DNS resolvers are subject to the usual DoS threats that plague any networked system. However, amplification attacks are of particular concern because DNS resolvers are attractive targets to attackers who exploit the resolvers’ large response-to-request size ratio to gain additional free bandwidth. Resolvers that support EDNS0 (Extension Mechanisms for DNS) are especially vulnerable because of the substantially larger packet size that they can return.

In an amplification scenario, the attack proceeds as follows:

The attacker sends a victim DNS server queries using a forged source IP address. The queries may be sent from a single system or a network of systems all using the same forged IP address. The queries are for records that the attacker knows will result in much larger responses, up to several dozen times1 the size of the original queries (hence the name “amplification” attack).

The victim server sends the large responses to the source IP address passed in the forged requests, overwhelming the system and causing a DoS situation.

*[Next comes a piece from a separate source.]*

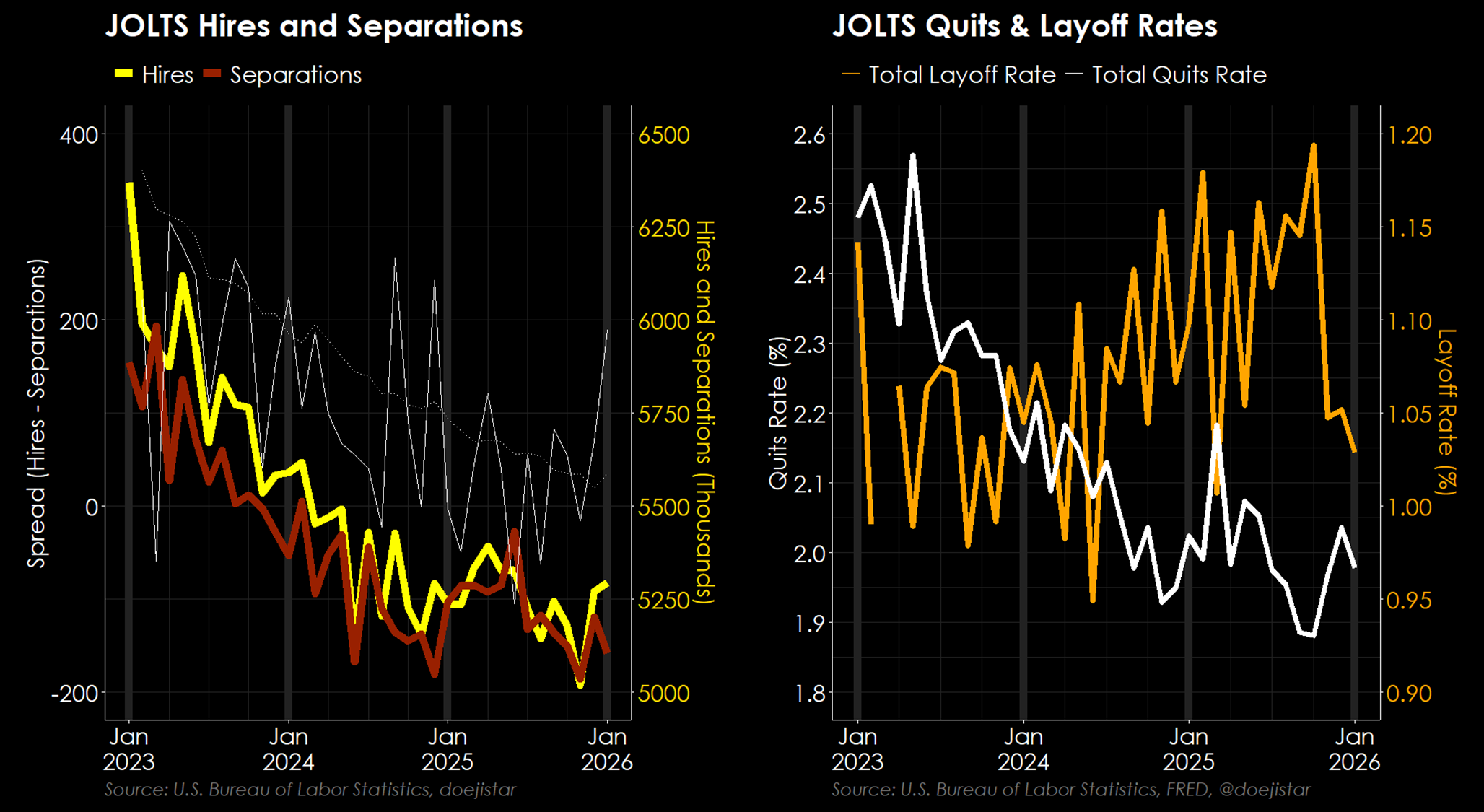There were only slight changes to hires and separations but had both moved in a positive direction with the spread at the highest in over a year. Quits rate was just below 2% and the layoff rate continued to move sharply lower reinforcing the “low-hire/low-fire” environment.

1See the paper DNS Amplification Attacks for examples, and a good discussion of the problem in general.

Mitigations

The standard system-wide solution to DNS vulnerabilities is the DNSSEC protocol. However, until it is universally implemented, open DNS resolvers need to independently take some measures to mitigate against known threats. Many techniques have been proposed; see IETF RFC 5452: Measures for making DNS more resilient against forged answers for an overview of most of them. In Google Public DNS, we have implemented, and we recommend, the following approaches:

Securing your code against buffer overflows, particularly the code responsible for parsing and serializing DNS messages.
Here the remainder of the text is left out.